Unfortunately, the past nine years has seen us leave our wonderful home, family and friends in Rhode Island and move to Texas to fight my wife’s aggressive, single-minded (though unfathomably suicidal) breast cancer, forced my children to uproot their lives and face parental mortality sooner than should be required and witnessed the various medical afflictions with which our beloved dog has had to endure (from blindness in one eye due to a retinal detachment, to emergency surgery to save the other, to two tibial plateau leveling osteotomies following two ruptured cranial cruciate ligaments, to surgery and radiation for a cancerous tumor in his neck).  In short, the life we had planned vaporized with the unwelcomed arrival of that insidious cancer and we have done our best to remain a family, drawing strength from each in our times of weakness under some unnecessarily painful and harrowing conditions. My wife fights on, my children pursue their lives and Delbow continues to offer his boundless affection.

It is against this backdrop that I share with you now my vexations at the way in which dogs are treated here in Texas (or at least in the area I travel daily to and from work). Not a week seems to elapse without my seeing the body of a dog lying by the side of the road. My anger comes in waves, my heart breaking.  Unanswerable questions flood my mind.  What home did this dog belong to? What must the family be thinking? Do they know their dog is missing? Do they know he is dead? Are there children in the home, facing the loss of their beloved boon companion? How could they not have secured their dog? Did he escape by accident? Did someone leave the door or gate open and now must endure the timeless misery of guilt?  Why does he lie there, day after day? Does no one care to retrieve him?

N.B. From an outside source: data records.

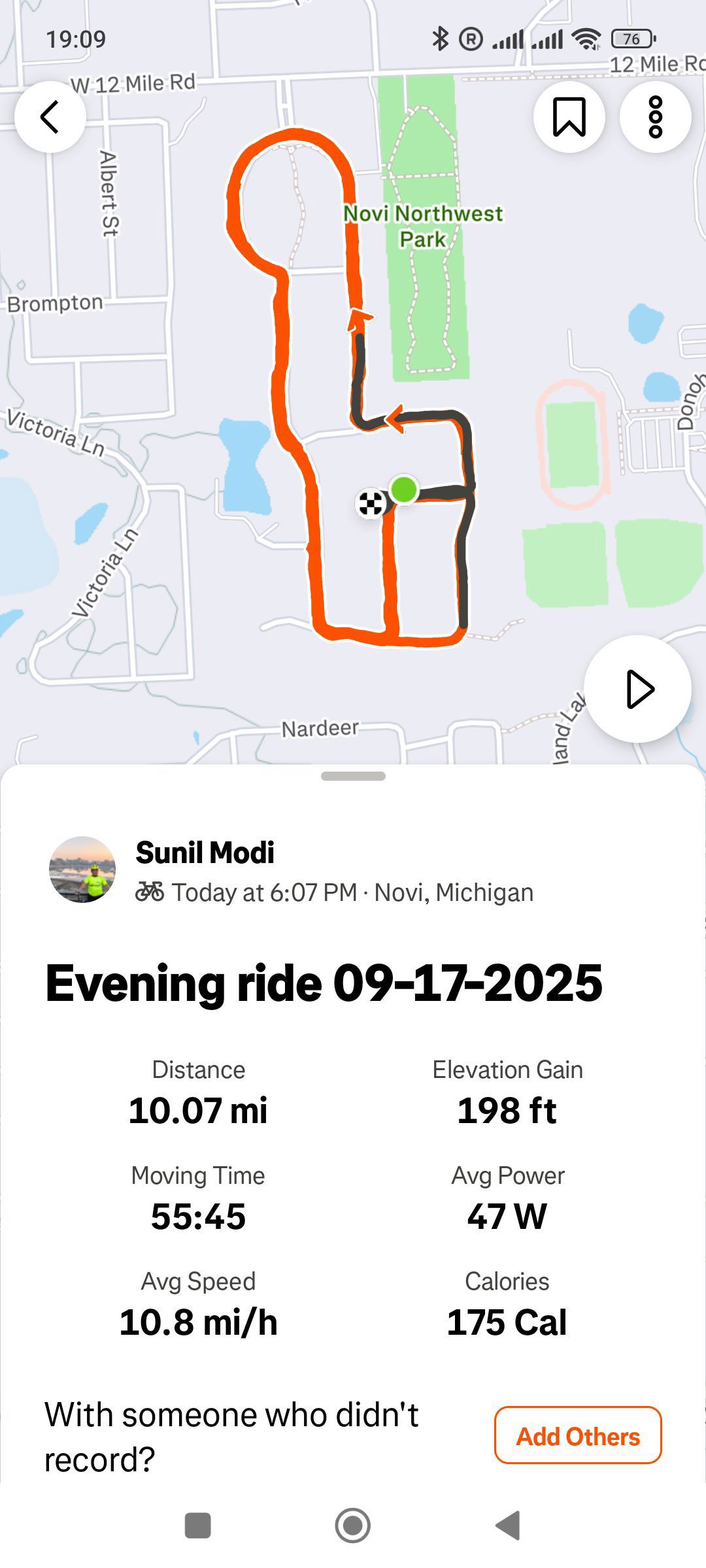 10.1 mi ride - Evening ride 17 Sep 2025 - GCC ride#15 - Wednesday, September 17, 2025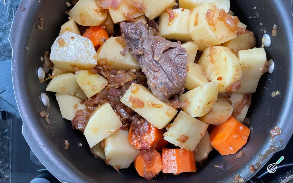Na panela de pressão, adicione junto ao refogado, a carne, as batatas e a cenoura. Tempere com o sal, a páprica picante, a cúrcuma em pó, coloque a água e leve para pressão por 30 minutos após a panela pegar pressão.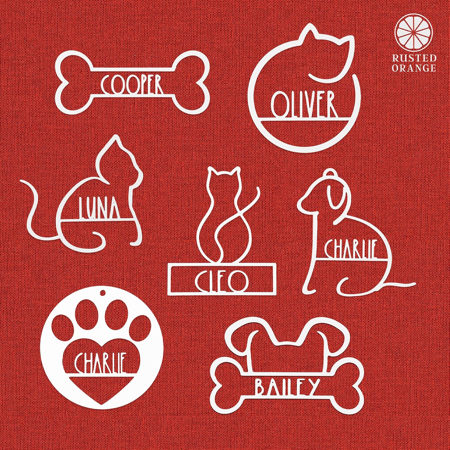 - 6" Dimensions: Bone - 3.75" tall x 7.75" long | Cat Curled Up -5" tall x 5.65" wide | Cat Side Profile - 5.5" tall x 5.6" wide | Cat Sitting 6.8" tall x 5.7" wide | Dog Side Profile - 5.6" tall x 5.9" wide | Dog with Bone 4.2" tall x 6" wide | Paw Print 5.8" tall x 5.8" wide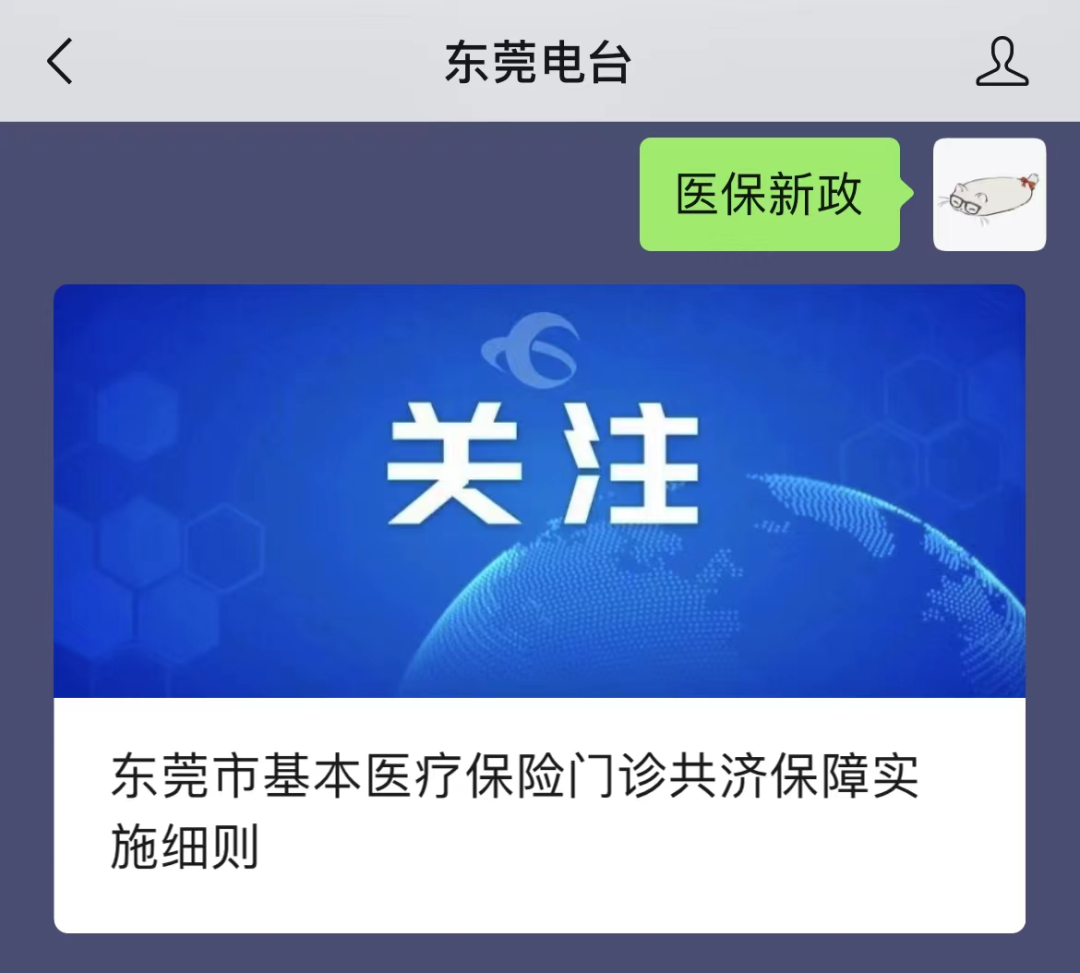 ②点击“发消息”进入聊天界面发送“医保新政”,即可快速获取。

Sometimes the dog looks like he simply put his head down on the side of the road and slipped into a peaceful eternal slumber.  Other times, the carnage left by the accident leaves me hoping that pain was inhibited at the moment of impact. Either way, there is no excuse for these creatures to remain in their final repose for weeks on end. Soon bloated and fetid, and eventually transforming into a fur bag holding only bones, accumulating the dust and road grime wafting ever over them each day, they seem to linger there, pleading for exemption, crying in silent strains for finality as I hurry on my way, unable to avoid the scene, unable to look away.  Like some highway of death, this well-traveled road tears anew the gash in my heart every time I see the next victim.  Left there to die, and just left there.  Will I become accustomed to this over time?  Will I no longer see death’s hand by the side of the road?  Will I no longer have all of these questions surge through my mind?  I hope not. To have your heart broken requires a heart to begin with and and while mine tears anew, I defend against the nerve dulling scars and callouses that repetition imparts.  I am grateful for my Delbow and yearn to get home to give back to him that which he freely offers.